2nd order ODE reduction of order method

[pat666]

Homework Statement

$$x^2 y''+2xy'-12y=0,y_1=x^3$$
$$y''+(2y')/x-12y/x^2 =0$$

Homework Equations

The Attempt at a Solution

$$y=uy_1=ux y'=u' x+u y''=u'' x+2u'$$
subbing that in instead of y,y',y''
$$u'' x+2u'+2(u'x+u)/x+12(ux)/x^2 =0$$

now my book says to reduce the order v=u' which is easy enough except for the fact that I have "u" in there with no derivative. What do I sub here (integral of v)? STUMPED!

thanks for any help

 

[lurflurf]

x is not a solution, x^3 is.

 

[pat666]

Yes, that's one mistake so far:
$$y_1=uy_1=u*x^3 y'=u'*x^3+u y''=u''x^3+2u'$$
before going on can you tell me if that's correct??

thanks

 

[lurflurf]

I do not follow what you wrote, the subscripts are unclear and it all runs together.
The product rule is
(uv)'=u'v+uv'
(uv)''=u''v+2u'v'+uv''

 

[pat666]

sorry, Ill fix it:
$$y_1=u*x^3--------------y'=u'*x^3+u----------y''=u''x^3+2u'$$

 

[lurflurf]

(x^3)'=3 x^2
(x^3)''=6 x
You might be differentiating x
x'=1
x''=0

 

[pat666]

sorry, I don't know what you mean. I was following how the textbook does it which doesn't seem to be normal differentiation?

 

[lurflurf]

It is normal differentiation.
let
y=u y₁
y'=(uy₁)'=u'y₁+u y₁'
y''=(uy₁)''=u''y₁+2u'y₁'+uy₁''
in this case
y₁=x^3
y₁'=3x^2
y₁''=6x
so
y=x^3 u
y'=x^3 u'+3x^2 u
y''=x^3 u''+6x^2 u'+6x u
which we substitute into the differential equation

 

[pat666]

Again your right, I was treating u as a constant and not what it actually is.
so what I have now is:
$$x^3*u''+6x^2u'+6x*u+2(x^3 u'+3x^2 u)/x-12(x^3 u)/x^2=0$$
now I can let v=u' or do I neaten things up first?

 

[lurflurf]

You can let v=u' if you want, you will notice the u's cancel out as expected.

 

[pat666]

Hi again, just neatened it up, in actually comes out quite neatly:
$$x^3u''+8x^2u' =0$$
then subbing v=u', separation of variables + integration gives
$$ln(v)=-8ln(x)$$ can you give me some more help here please.

 

[lurflurf]

Just reverse the substitutions
v=A x^-8
u'=v
y=x^3 u
to find y
y will have the form A y1+B y2
where A and B are arbitrary constants

 

[HallsofIvy]

Hi again, just neatened it up, in actually comes out quite neatly:
$$x^3u''+8x^2u' =0$$
then subbing v=u', separation of variables + integration gives
$$ln(v)=-8ln(x)$$ can you give me some more help here please.

Well, $-8ln(x)= ln(x^{-8})$, of course, so you have $ln(v)= ln(x^{-8})$. Can you solve that for v?

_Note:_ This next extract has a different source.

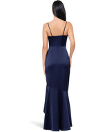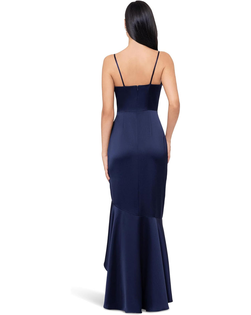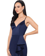 Sleek and simple yet effortlessly elegant is how you'll feel in Xscape 6251X! The v-neckline over empire waistline and sleek satin skirt with ruffle detail is the perfect dress for your next special occasion!

And then integrate to find u.

 

[pat666]

Certainty can:
$$v=1/x^8$$
since v=u' so ' = integral of v
so $$u=\int 1/x^8$$
$$u=-1/(7x^7)$$
Do I need a constant of integration here or not because I am looking for a particular solution?

Thanks

also not sure what the next step is?

 

[pat666]

Hey got a little further:
I have y=x^3u so u=y/x^3
and u=-A/(7x^7 )
so y/x^3=-A/(7x^7 )
But I don't have A and B??

Thanks

 

[HallsofIvy]

Actually there are two constants of integration and you (and I) completely forgot the first one- which is the one you need.

ln(v)= -8ln(x)+ c gives $v= Cx^{-8}$ ($C= e^c$.)

Then $u'= v= Cx^{-8}$ so $u(x)= -\frac{C}{7}x^{-7}+ C_2$

And then $y(x)= u(x)x^3= -\frac{C}{7}x^{-4}+ C_2x^3$ is the general solution. Notice that the second constant of integration gives the original solution, $x^3$. Of course, you could have ignored both constants of integration to just get that $x^{-4}$ is a second independent solution and, already knowing that $x^3$is a solution, write the general solution as
$$y(x)= Ax^{-4}+ Bx^3$$.

 

[pat666]

Thanks heaps for all your help HallsofIvy and lurflurf! mucho appreciato!